### TASK INSTRUCTIONS
Type the data below again exactly. Omit all pictures.

*** GIVEN MATERIAL ***

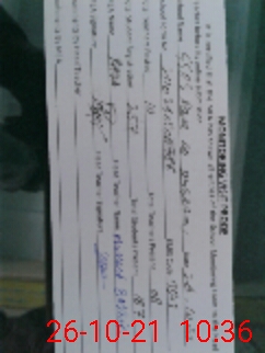 | Monitoring Date: 26-10-2021 | Start Time: 26-10-2021 09:00 AM | End Time: 26-10-2021 10:36 AM | Name of MEA: Ra**** Hu**** Gi**** | |
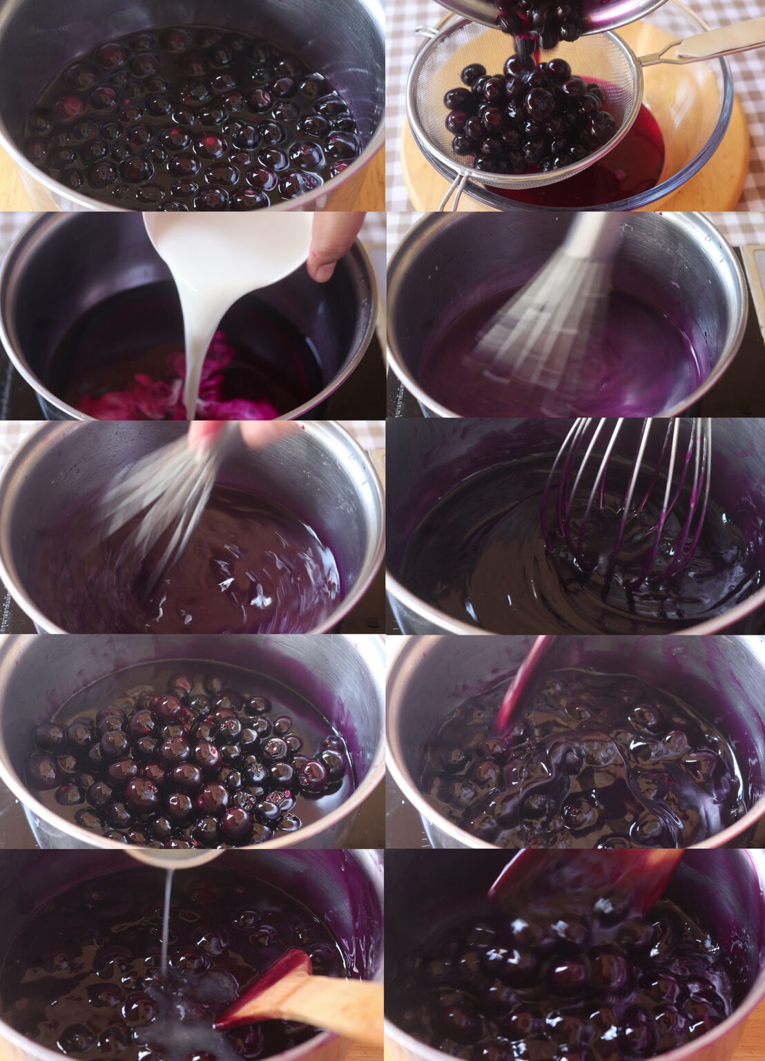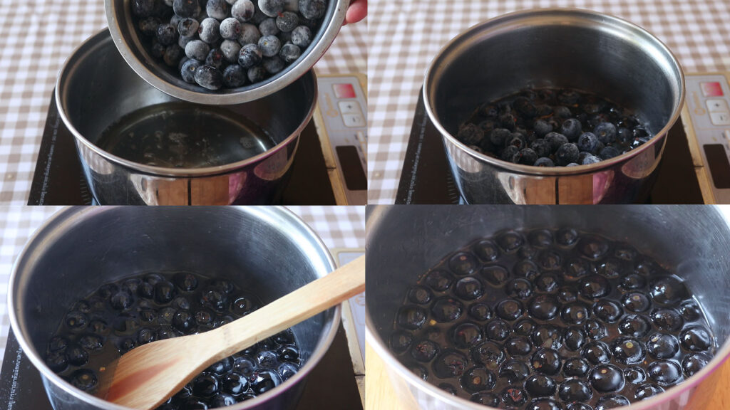 นำไปกวนด้วยไ ฟอ่อน-กลางจนมีลักษณะข้นขึ้น เสร็จแล้วดั บเ ต าใส่บลูเบอรี่ลงไป ตามด้วยน้ำเลม่อนหรือมะนาว
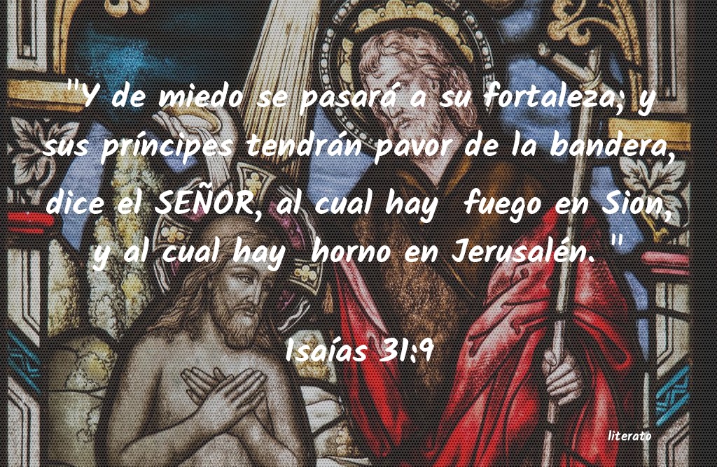 "Y de miedo se pasará a su fortaleza; y sus prÃÂncipes tendrán pavor de la bandera, dice el SEÑOR, al cual hay fuego en Sion, y al cual hay horno en Jerusalén. " IsaÃÂas 31:9

*** End of GIVEN MATERIAL ***

### RESULT OF THIS TASK
 | Monitoring Date: 26-10-2021 | Start Time: 26-10-2021 09:00 AM | End Time: 26-10-2021 10:36 AM | Name of MEA: Ra**** Hu**** Gi**** | |
 นำไปกวนด้วยไ ฟอ่อน-กลางจนมีลักษณะข้นขึ้น เสร็จแล้วดั บเ ต าใส่บลูเบอรี่ลงไป ตามด้วยน้ำเลม่อนหรือมะนาว
 "Y de miedo se pasará a su fortaleza; y sus prÃÂncipes tendrán pavor de la bandera, dice el SEÑOR, al cual hay fuego en Sion, y al cual hay horno en Jerusalén. " IsaÃÂas 31:9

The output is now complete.